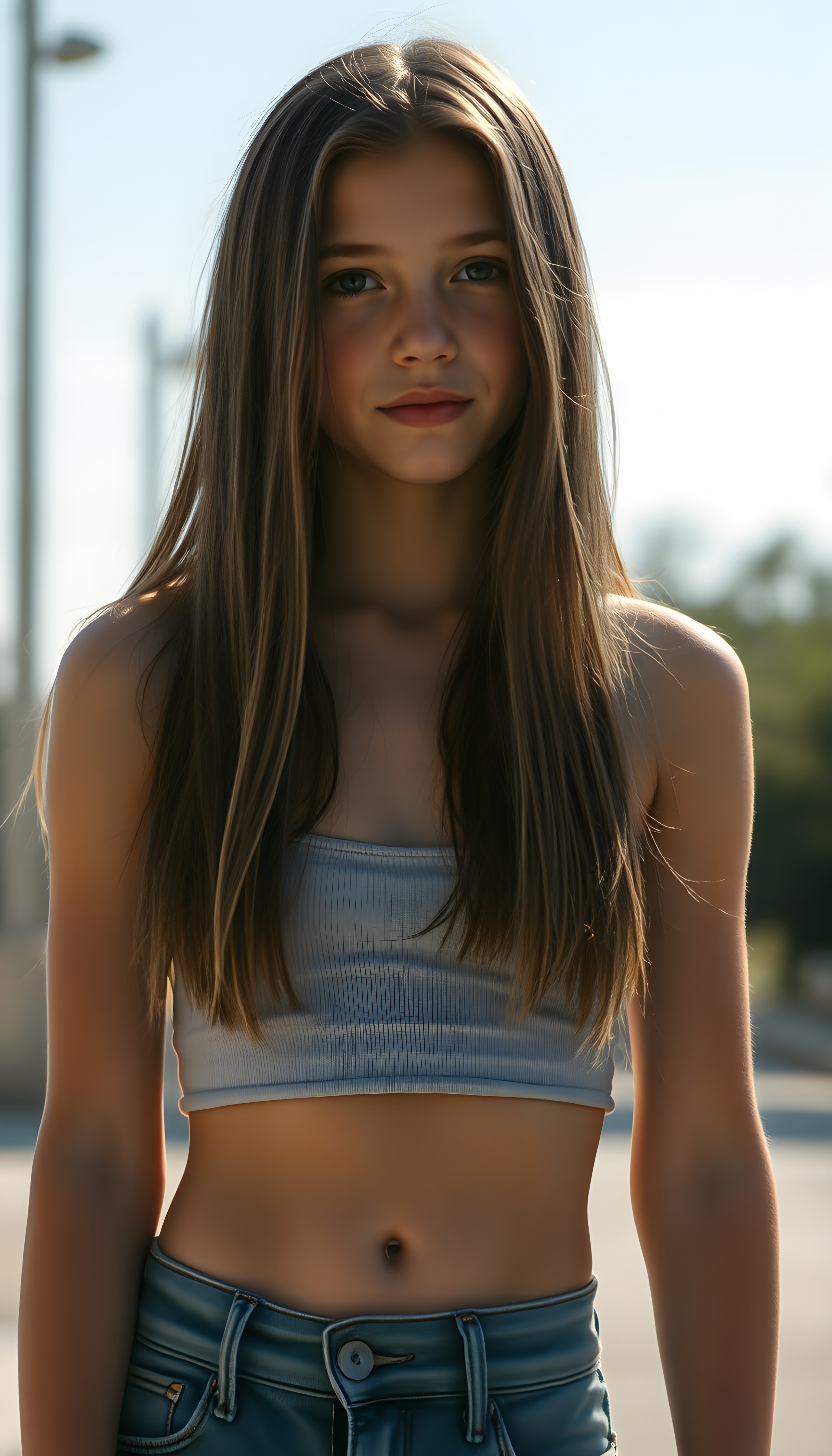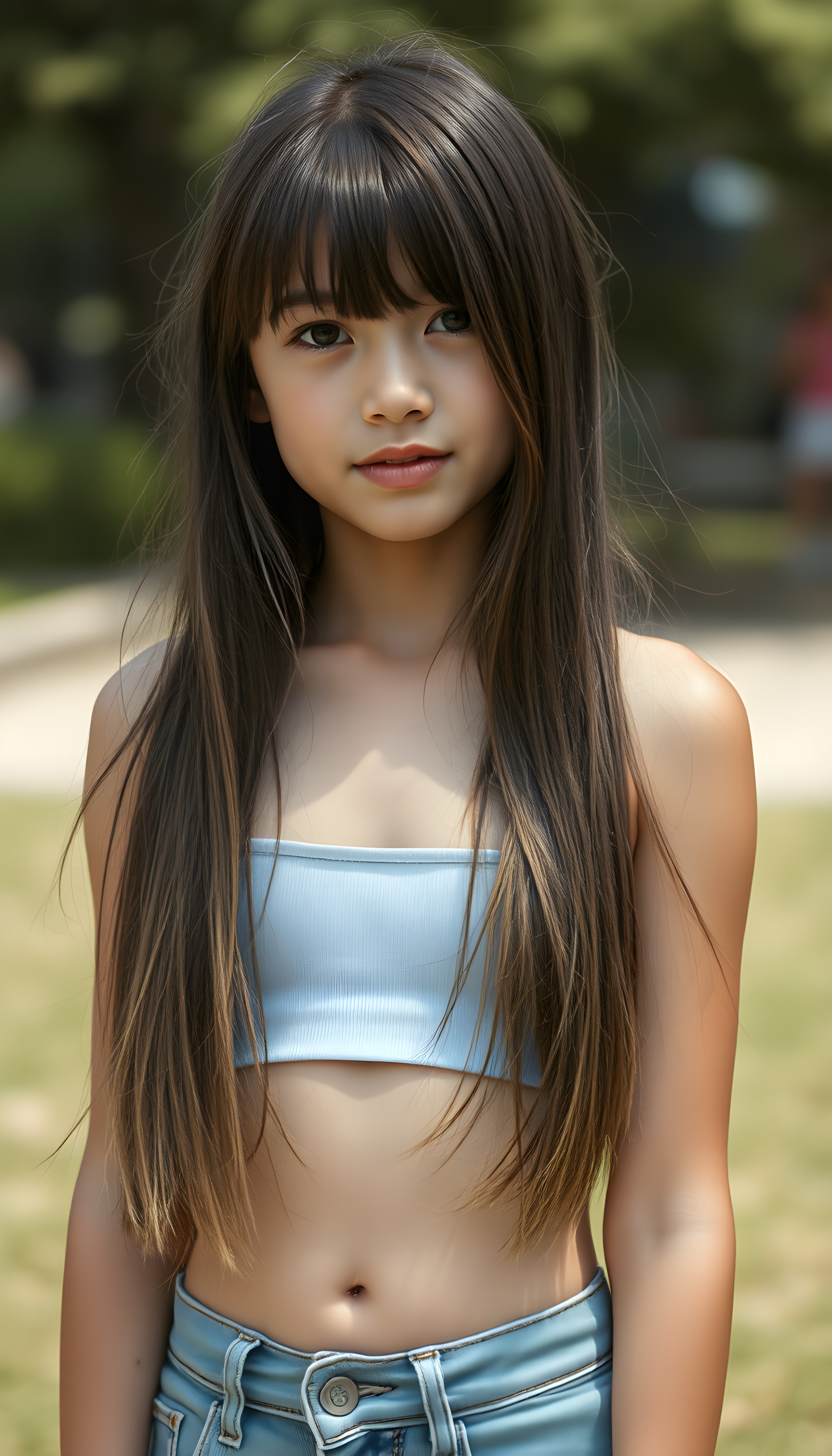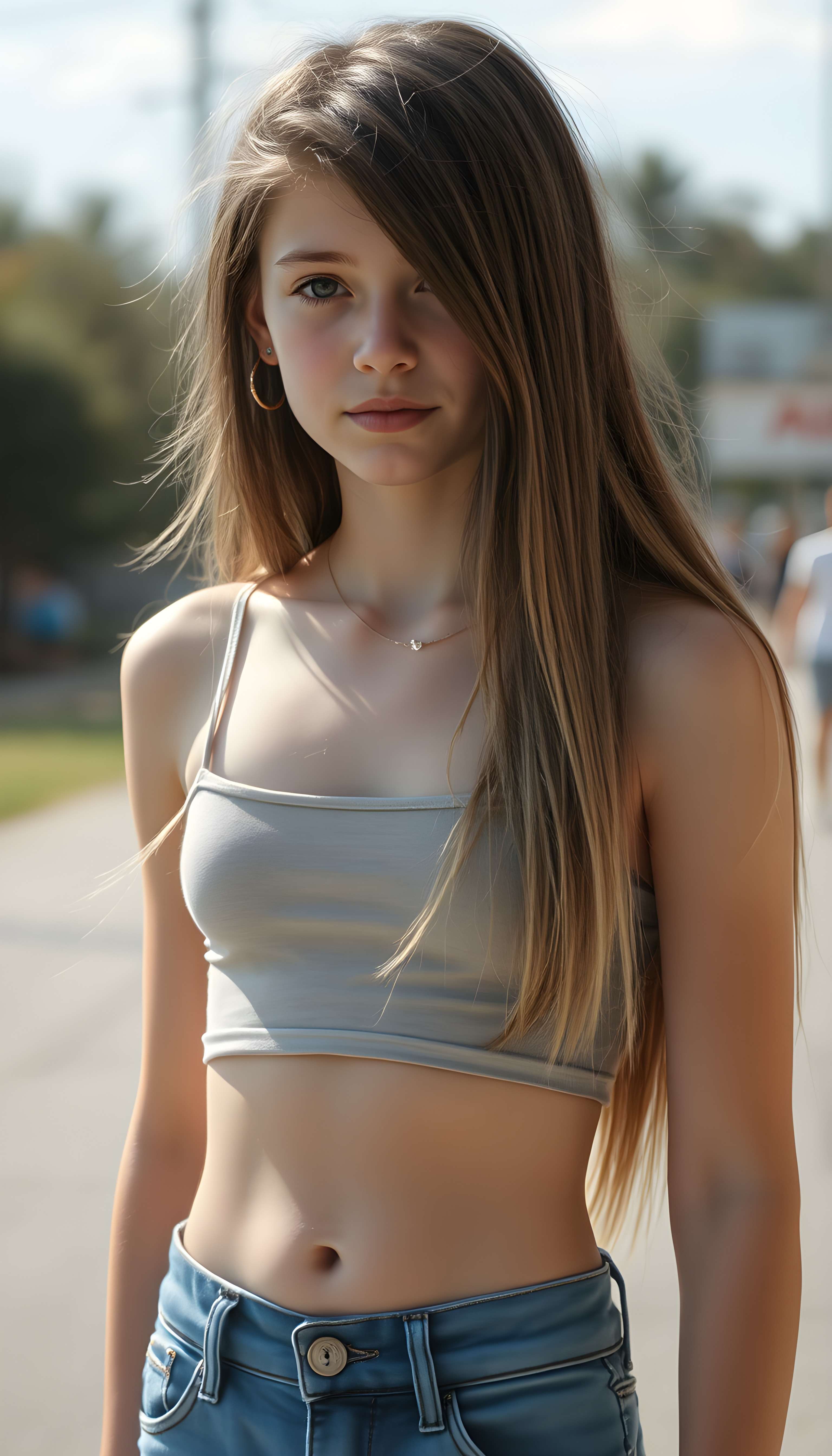 a full body shot (((detailed and realistic photo))), capturing a (((very young teenage girl))), with (long, silky, soft straight jet dark hair and blonde fine strands, same length right and left), wearing a (((cropped spaghetti tank top, belly button))), accessorized with (((blue short jeans))), all against a backdrop of a (beautiful, sunny day)
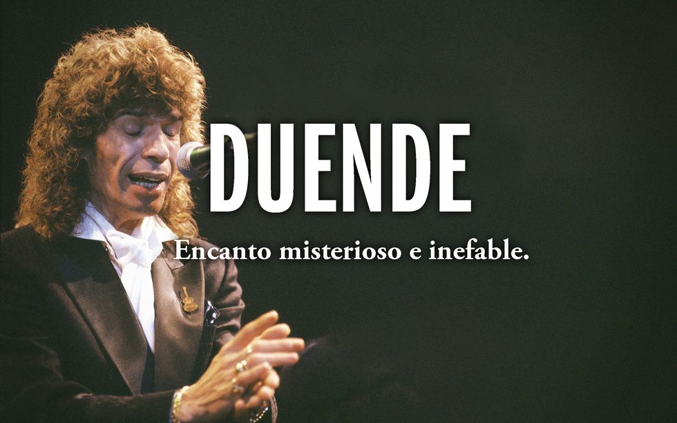 En su primera acepción es un espíritu fantástico, con figura de viejo o de niño en las narraciones tradicionales, que habita en algunas casas y causa en ellas trastorno y estruendo. Proviene de «dueño de» la casa… Es el alma del flamenco. Federico García Lorca ya explicaba en 1933 en su conferencia «Teoría y juego del duende»: «El duende es un poder y no un obrar, es un luchar y no pensar. Yo he oído decir a un viejo maestro guitarrista: ‘El duende no está en la garganta; el duende sube por dentro desde la planta de los pies’. Es decir, no es cuestión de facultad, sino de verdadero estilo vivo; es decir, de sangre; es decir, de viejísima cultura, de creación en acto”.
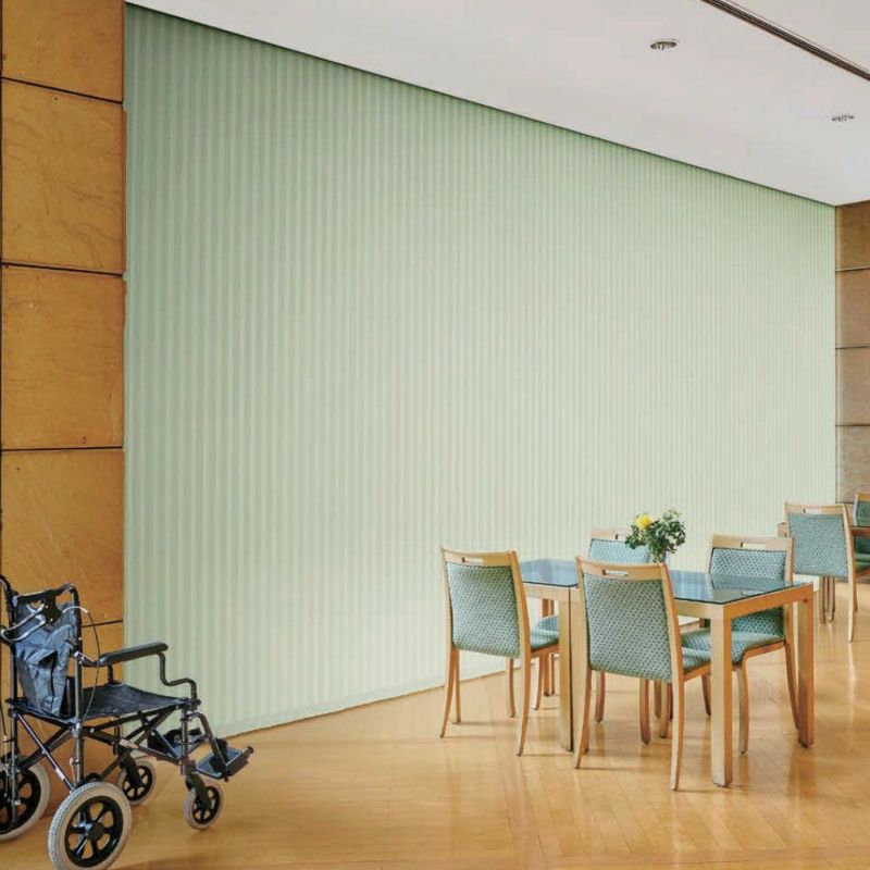 一定の認証基準と試験をクリアした、SEK制菌性能を備えたバーチカルブラインド「プールス」。 医療・公共施設から住宅まで、安心してご使用いただけます。 生地の一部にリサイクルポリエステルを使用した、環境に優しいグリーン購入法適合商品です。
__________
(WORK REQUEST): Please copy out the whole listing exactly, minus its pictures.

(ANSWER TO THIS EXERCISE):
 a full body shot (((detailed and realistic photo))), capturing a (((very young teenage girl))), with (long, silky, soft straight jet dark hair and blonde fine strands, same length right and left), wearing a (((cropped spaghetti tank top, belly button))), accessorized with (((blue short jeans))), all against a backdrop of a (beautiful, sunny day)
 En su primera acepción es un espíritu fantástico, con figura de viejo o de niño en las narraciones tradicionales, que habita en algunas casas y causa en ellas trastorno y estruendo. Proviene de «dueño de» la casa… Es el alma del flamenco. Federico García Lorca ya explicaba en 1933 en su conferencia «Teoría y juego del duende»: «El duende es un poder y no un obrar, es un luchar y no pensar. Yo he oído decir a un viejo maestro guitarrista: ‘El duende no está en la garganta; el duende sube por dentro desde la planta de los pies’. Es decir, no es cuestión de facultad, sino de verdadero estilo vivo; es decir, de sangre; es decir, de viejísima cultura, de creación en acto”.
 一定の認証基準と試験をクリアした、SEK制菌性能を備えたバーチカルブラインド「プールス」。 医療・公共施設から住宅まで、安心してご使用いただけます。 生地の一部にリサイクルポリエステルを使用した、環境に優しいグリーン購入法適合商品です。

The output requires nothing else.